Harrison hizo esto porque, tal como afirmaba, los fondos digitales “cantaban” demasiado. Pero la solución elegida para ese escollo es aún peor: porque en todo momento somos conscientes de que ese desierto que vemos no es más que un decorado impreso sobre una tela (a la que a veces se le ven las costuras y las arrugas).

Y además, detenido para siempre en el mismo momento del día. Las escenas desérticas pueden desarrollarse en el amanecer, al mediodía, por la tarde… pero en el decorado que le sirve de fondo es siempre la misma hora, con la misma intensidad de luz y las sombras de las cosas apuntando siempre hacia el mismo lugar.

El resultado es que, algunas veces, el truco del fondo impreso funciona. Pero en otras “canta” mucho más de lo que lo habría hecho un decorado digital.
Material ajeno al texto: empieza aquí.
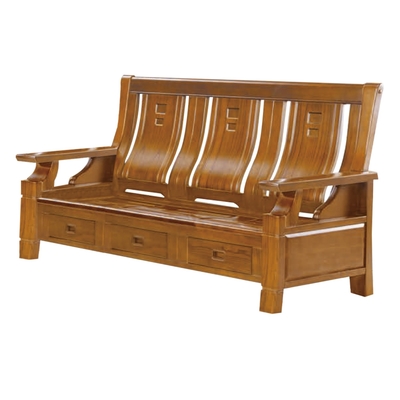 文創集 歌里柚木色三人座實木椅(底部抽屜可收納)-191x77x102cm免組$23,48983折

Cuando en primer plano está anocheciendo y en el fondo sigue viéndose un sol de justicia; o cuando las sombras de la acción en primer plano van hacia un lugar y las del fondo hacia otro; o, finalmente, cuando eres capaz de distinguir las arrugas en la tela donde se ha impreso el fondo es que la cosa no funciona.

Harrison escribiría el guión de la secuela: Hijos de Dune, que adaptaba la segunda y tercera novelas de Herbert. Como ya hizo con la primera, su trabajo adaptando el original es bueno, incluso excelente en ocasiones. Condensa adecuadamente los acontecimientos allí donde es necesario y enlaza la trama de las dos novelas de un modo adecuado.

Sin embargo, esta nueva serie tiene alguno de los problemas de la anterior, especialmente el horripilante diseño de vestuario. Por suerte evita otros, como el del fondo pintado, si bien los efectos digitales siguen siendo más bien baratos y no muy convincentes.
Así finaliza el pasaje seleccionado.